■ **Raw data**

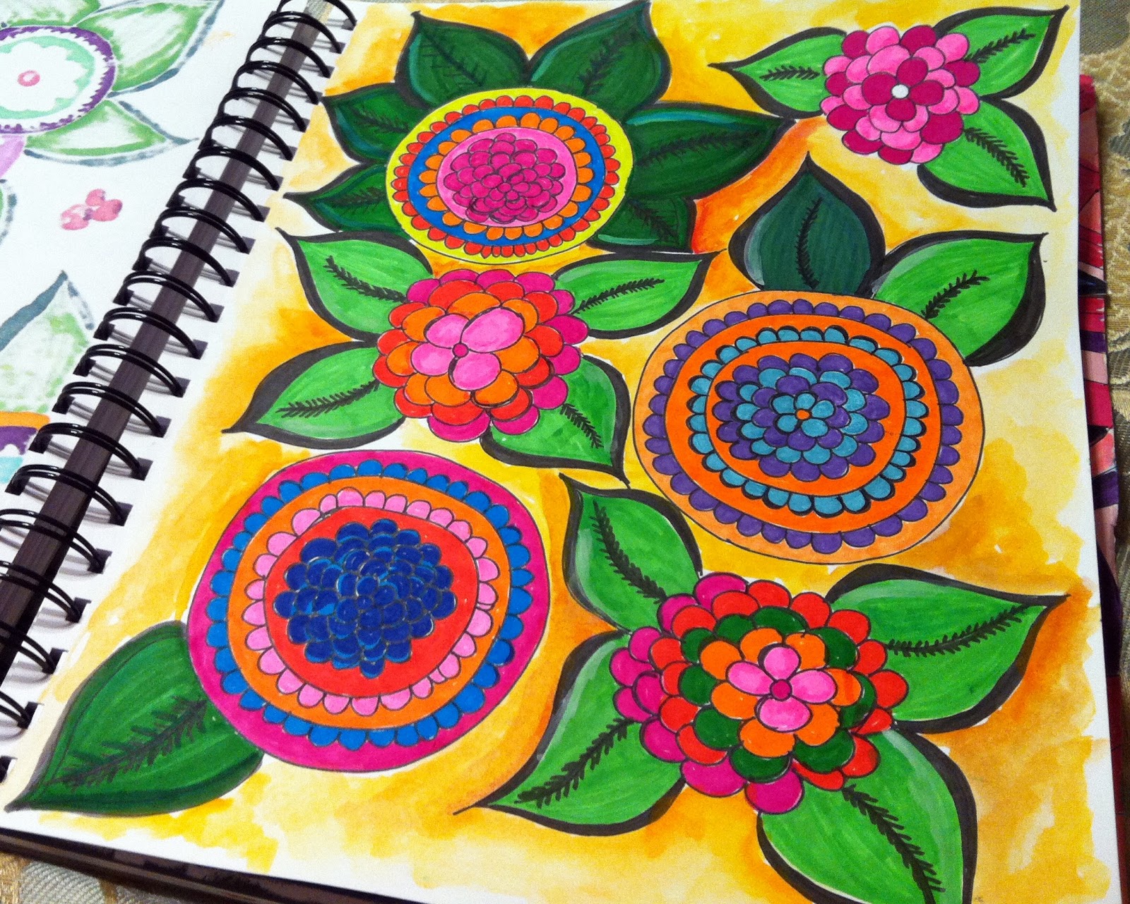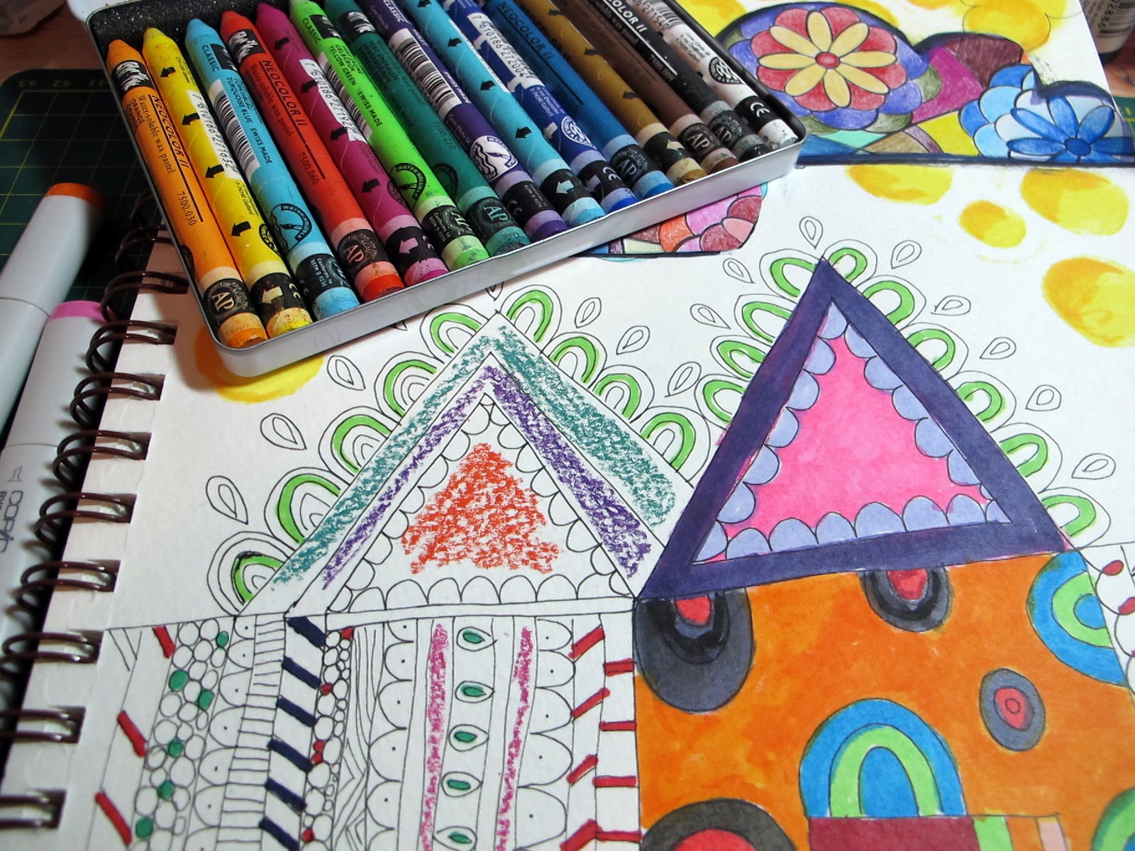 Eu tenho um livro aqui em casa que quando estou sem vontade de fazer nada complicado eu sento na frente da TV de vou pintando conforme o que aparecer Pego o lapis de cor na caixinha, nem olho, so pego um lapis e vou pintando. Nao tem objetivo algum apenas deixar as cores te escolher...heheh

---

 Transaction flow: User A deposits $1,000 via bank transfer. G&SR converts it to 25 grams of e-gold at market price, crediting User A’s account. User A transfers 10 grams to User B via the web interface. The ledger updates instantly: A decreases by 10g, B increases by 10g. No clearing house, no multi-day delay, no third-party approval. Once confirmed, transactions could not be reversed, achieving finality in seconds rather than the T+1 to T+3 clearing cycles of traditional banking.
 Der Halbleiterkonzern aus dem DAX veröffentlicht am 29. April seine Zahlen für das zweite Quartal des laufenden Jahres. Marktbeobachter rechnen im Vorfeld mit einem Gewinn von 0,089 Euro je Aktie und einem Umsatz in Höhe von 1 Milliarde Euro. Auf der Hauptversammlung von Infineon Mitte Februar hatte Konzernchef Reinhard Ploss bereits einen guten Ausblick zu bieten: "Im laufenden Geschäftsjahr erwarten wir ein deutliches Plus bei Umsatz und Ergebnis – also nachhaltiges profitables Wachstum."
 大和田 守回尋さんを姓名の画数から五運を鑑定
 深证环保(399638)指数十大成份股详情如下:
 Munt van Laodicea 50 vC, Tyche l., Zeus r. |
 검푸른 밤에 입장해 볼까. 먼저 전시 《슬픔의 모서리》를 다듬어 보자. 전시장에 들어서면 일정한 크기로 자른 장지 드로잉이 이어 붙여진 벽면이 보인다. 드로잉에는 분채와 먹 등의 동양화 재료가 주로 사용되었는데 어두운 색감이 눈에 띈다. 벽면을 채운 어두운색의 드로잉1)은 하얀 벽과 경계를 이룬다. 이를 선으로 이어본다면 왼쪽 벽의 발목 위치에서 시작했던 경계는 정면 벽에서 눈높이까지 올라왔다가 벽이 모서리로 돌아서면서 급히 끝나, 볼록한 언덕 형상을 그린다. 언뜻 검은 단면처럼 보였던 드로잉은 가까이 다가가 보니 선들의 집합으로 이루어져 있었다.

---

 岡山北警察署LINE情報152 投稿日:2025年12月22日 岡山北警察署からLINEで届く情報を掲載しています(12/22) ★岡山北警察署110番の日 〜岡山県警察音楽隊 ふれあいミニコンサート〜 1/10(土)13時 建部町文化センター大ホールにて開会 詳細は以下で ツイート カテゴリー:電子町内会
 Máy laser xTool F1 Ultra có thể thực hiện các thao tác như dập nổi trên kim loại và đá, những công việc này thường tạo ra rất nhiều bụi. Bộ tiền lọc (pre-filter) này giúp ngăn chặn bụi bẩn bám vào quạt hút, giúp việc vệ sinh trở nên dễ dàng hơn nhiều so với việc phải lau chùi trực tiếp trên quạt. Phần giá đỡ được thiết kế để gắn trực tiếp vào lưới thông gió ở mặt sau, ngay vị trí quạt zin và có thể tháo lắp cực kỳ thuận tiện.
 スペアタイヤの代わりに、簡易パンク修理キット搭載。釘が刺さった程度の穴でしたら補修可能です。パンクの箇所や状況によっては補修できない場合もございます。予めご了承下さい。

■ **Task description**
Repeat, character for character, the lines of the material above from the line with "Máy laser xTool" through the line with "スペアタイヤの代わりに、簡易".

■ **Solution for this task**
 Máy laser xTool F1 Ultra có thể thực hiện các thao tác như dập nổi trên kim loại và đá, những công việc này thường tạo ra rất nhiều bụi. Bộ tiền lọc (pre-filter) này giúp ngăn chặn bụi bẩn bám vào quạt hút, giúp việc vệ sinh trở nên dễ dàng hơn nhiều so với việc phải lau chùi trực tiếp trên quạt. Phần giá đỡ được thiết kế để gắn trực tiếp vào lưới thông gió ở mặt sau, ngay vị trí quạt zin và có thể tháo lắp cực kỳ thuận tiện.
 スペアタイヤの代わりに、簡易パンク修理キット搭載。釘が刺さった程度の穴でしたら補修可能です。パンクの箇所や状況によっては補修できない場合もございます。予めご了承下さい。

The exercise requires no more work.